Revue Le Mouvement social Mir@bel
Numéro no 277, octobre-décembre 2021
Titre du numéro Revisiter l'histoire des sociétés rurales
Texte intégral en ligne Accessible sur l'internet
  • Le renouveau de l'histoire des campagnes - Gérard Béaur p. 3-20 accès libre
  • Produire

    • Nourrir la population : un défi permanent - Paul Brassley, Antoni Furió, Alessandro Stanziani, Nadine Vivier p. 21-34 accès libre avec résumé avec résumé en anglais
      Le défi de se nourrir a toujours été le plus angoissant pour les sociétés humaines et il s'est amplifié avec la croissance urbaine. Les échanges de cette table ronde essaient de voir comment les sociétés ont fait face à cet impératif. En balayant rapidement l'échelle du temps depuis le Moyen Âge, on voit que les intempéries ne sont pas le seul facteur de pénuries. Les décisions des pouvoirs politiques ont été déterminantes, et parmi elles les mécanismes de distribution, que ce soit le marché local ou le marché mondial puis la globalisation des politiques commerciales. Dans un second temps, les échanges se consacrent à la situation contemporaine. Après 1950, la production agricole s'est considérablement accrue grâce aux politiques agricoles à visées économiques et sociales, assises sur la recherche agronomique. Mais, aujourd'hui, les méthodes de l'agriculture intensive montrent leurs limites et sont rejetées par les sociétés européennes inquiètes pour la qualité de la nourriture, la protection de l'environnement et le changement climatique.
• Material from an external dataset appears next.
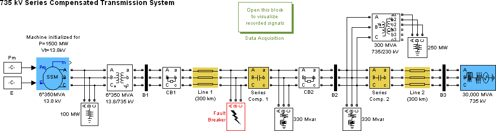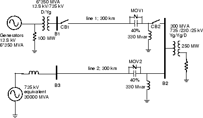 Показанная здесь однолинейная схема представляет трехфазную, 60 Гц, 735 кВ энергосистему, передающую мощность от электростанции, состоящей из шести генераторов 350 МВА, в эквивалентную систему через линию передачи 600 км. Линия электропередачи разделена на две линии протяженностью 300 км, соединенные между автобусами B1, B2 и B3.
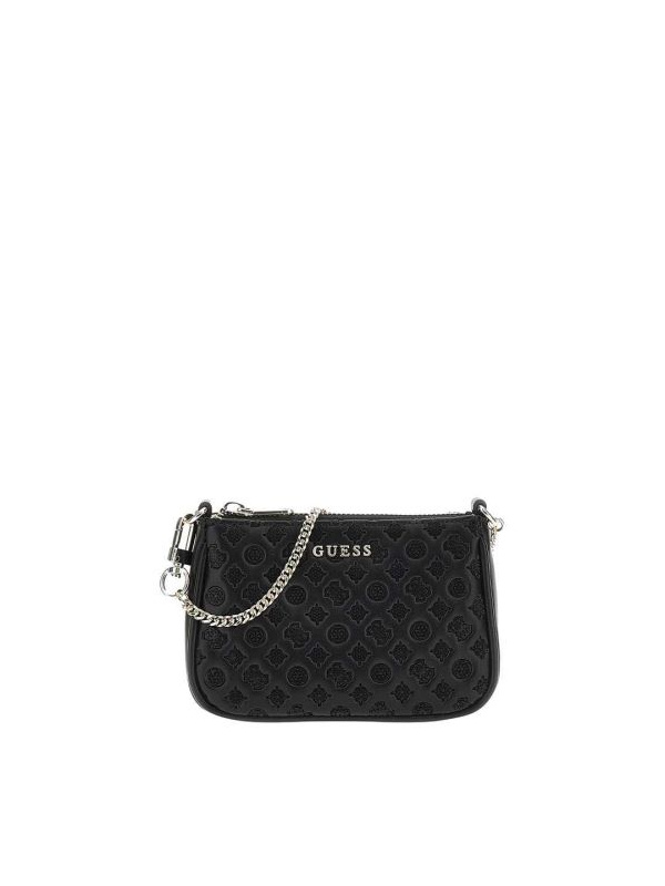 Guess mini crna ženska torba koja se može nositi kao neseser zahvaljujući lancu sa kukicom i malim dimenzijama

      Feeding human societies has always been the most serious challenge, and it became more acute with urban growth. The discussions of this roundtable aim at understanding how societies dealt with this priority. Looking back over the past centuries since the Middle Ages, it seems obvious that bad weather was not the only factor in food shortages. Most important were political choices, and among these, distribution mechanisms were decisive, be it the local market, the world market or the globalisation of trade policies. The second part of the roundtable focuses on the current situation. After 1950, with the population booming, agricultural production succeeded in feeding the population in spite of unprecedented population growth thanks to agricultural policies with economic and social aims, based on agronomic research. But today, intensive farming methods are revealing their limits and are rejected by European societies worried about the quality of their food, environmental protection and climate change.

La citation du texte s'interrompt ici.